TNode *make_node(unsigned int key, TData *data) {
TNode *node = malloc(sizeof(TNode));
node->key = key;
node->pdata = data;
node->prev = NULL;
node->next = NULL;
return node;
}
// Inserts a node into the correct point of the
// double linked list. The list is sorted
// in ascending order of the key.
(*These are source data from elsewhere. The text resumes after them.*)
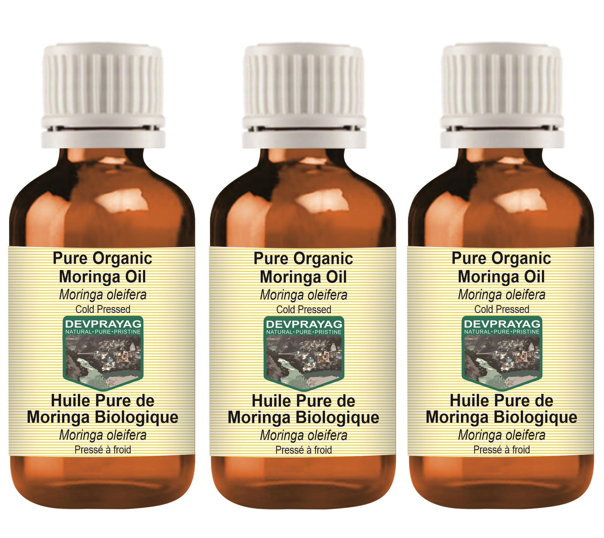 DEVPRAYAG Devprayag Pure Moringa Oil (Moringa oleifera) Natural Therapeutic Grade Cold Pressed (Pack of Three) 100ml x 3 (10 oz)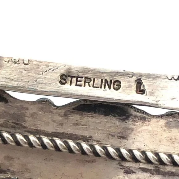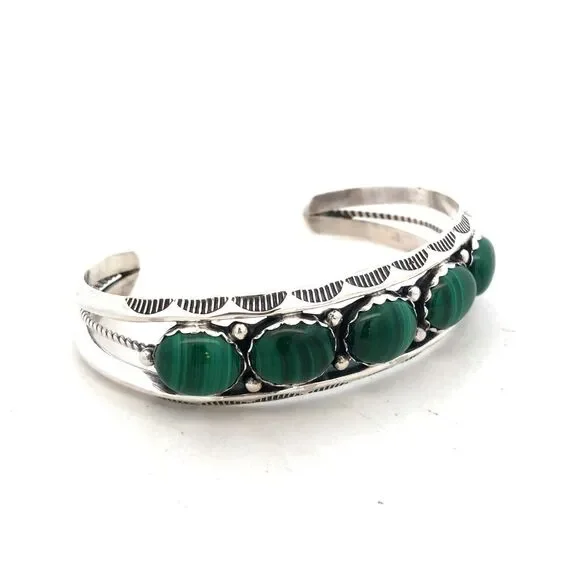 * Native American L 925 Sterling Silver Oval Green Malachite Open Cuff Bracelet* Inner cuff measures: 5-1/2"* Gap measures: 1-5/26"* Top of cuff width: 3/4"* Weight: 34.2 tgw* 5 Oval Malachite measure approximately 12 mm x 10 mm each* Marked: L * Sterling * Condition: As pictured. ( TH )* S6274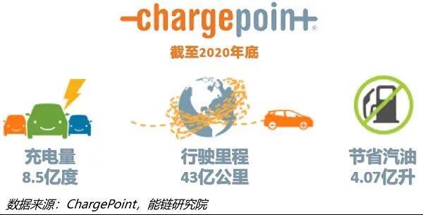 截至2020年底,ChargePoint累计充电量8.56亿度,累计完成8743万次充电服务,驱动电动车行驶43亿公里,替代4.07亿升汽油。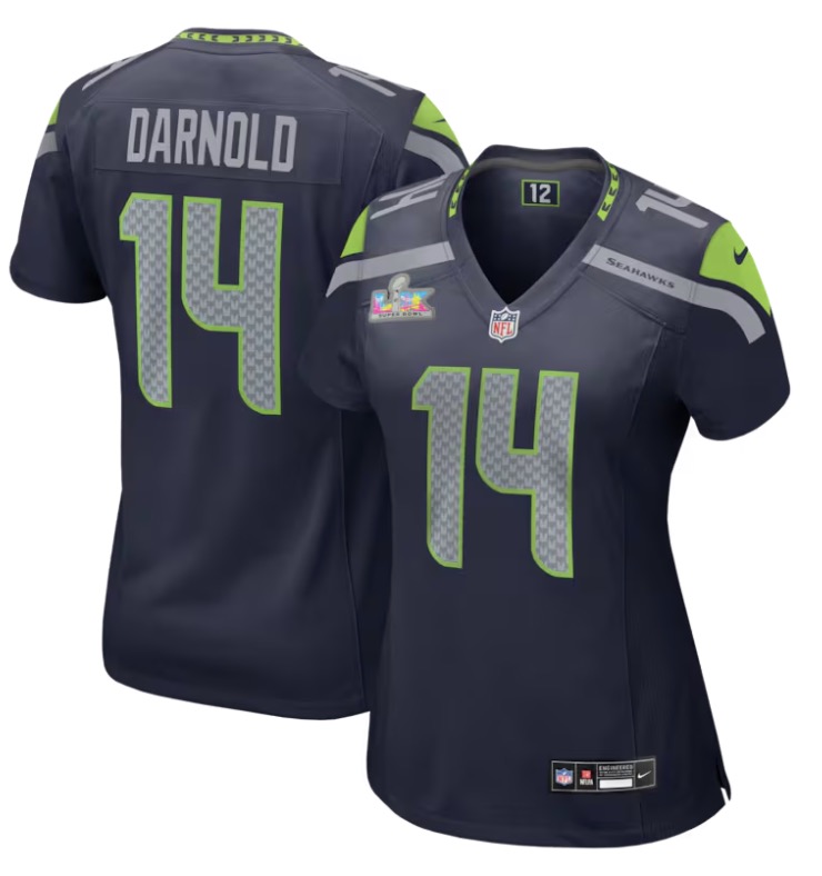 Women's Seattle Seahawks Sam Darnold Nike College Navy Super Bowl LX Patch Game Jersey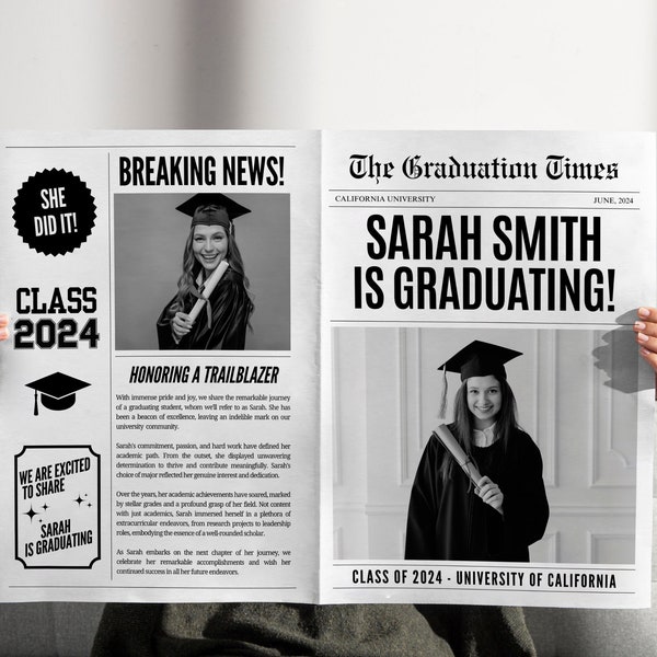 Graduation Newspaper Editable Template Time Event Designs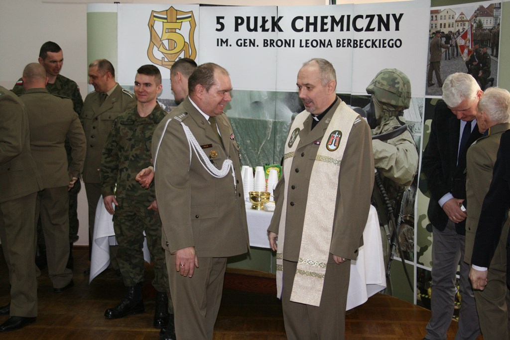 Spotkanie poprzedziła msza święta, którą w kaplicy garnizonowej odprawił nowy kapelan wojskowy mjr Janusz Kłopot.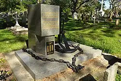 A total of 12 Russian sailors are buried at two sites in George Town – the Western Road Cemetery and on Jerejak Island. The monument honoring the sailors of Zhemchug was twice renovated by Soviet sailors in 1972 and 1987 respectively. The battle was mentioned numerous times by Vladimir Putin on his 2003 presidential visit to Malaysia. The Russian embassy in Malaysia holds memorial services twice annually in honor of the fallen sailors.[2][7] In October 2024, corvettes Aldar Tsydenzhapov, Gromkiy and Rezkiy, along with replenishment oiler Pechanga, arrived in George Town where the crews attended a ceremony to commemorate the 110th anniversary of the Battle of Penang.[8][9]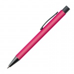 Plastikowy długopis z niebieskim wkładem, kolorową obudową i metalowym klipsem.

Duplicate keys
// are permitted, though not recommended.
// llist = Pointer to link list
// node = Pointer to node created by make_node
// dir = 0: Insert in ascending order
// dir = 1: Insert in descending order
void insert_node(TNode **llist, TNode *node, int dir) {
if(*llist == NULL) {
*llist = node;
(*llist)->trav = *llist;
(*llist)->tail = *llist;
}
else
if(((*llist)->key >= node->key && dir == 0) || (((*llist)->key <= node->key) && dir == 1)) {
node->next = *llist;
(*llist)->prev = node;
*llist = node;
(*llist)->trav = *llist;
}
else
{
TNode *trav = *llist;
if(dir == 0)
while(trav->next != NULL && trav->key < node->key)
trav = trav->next;
else if(dir == 1)
while(trav->next != NULL && trav->key > node->key)
trav = trav->next;
if(trav->next == NULL && ((trav->key < node->key && dir == 0) ||
(trav->key > node->key && dir == 1))) {
trav->next = node;
node->prev = trav;
// Set the tail
(*llist)->tail = node;
} else {
// Insert into the previous space
node->next = trav;
if(trav->prev != NULL) {
trav->prev->next = node;
node->prev = trav->prev;
}
if(trav->next != NULL) {
}
trav->prev = node;
}
}
}
// Remove a given node from the linked list
void delete_node(TNode **llist, TNode *node) {
if(*llist == NULL || node == NULL)
return;
if((*llist)->key == node->key) {
// Node to be deleted is at the front of the list.
*llist = (*llist)->next;
// Ensure that we don't point to it anymore.
if(*llist != NULL)
(*llist)->prev = NULL;
}
else
{
TNode *trav = *llist;
while(trav != NULL && trav->key != node->key)
trav = trav->next;
// We've found the deletion point
if(trav != NULL) {
trav->prev->next = trav->next;
if(trav->next != NULL)
trav->next->prev = trav->prev;
else
(*llist)->tail = trav->prev;
}
}
free(node);
}
// Find a node that has the value of key
// If there are duplicate keys, the first one encountered
// will be returned.
TNode *find_node(TNode *llist, unsigned int key) {
if(llist == NULL)
return NULL;
TNode *trav = llist;
while(trav != NULL && trav->key != key)
trav = trav->next;
return trav;
}
// Merge the node provided with either the node after or the node before.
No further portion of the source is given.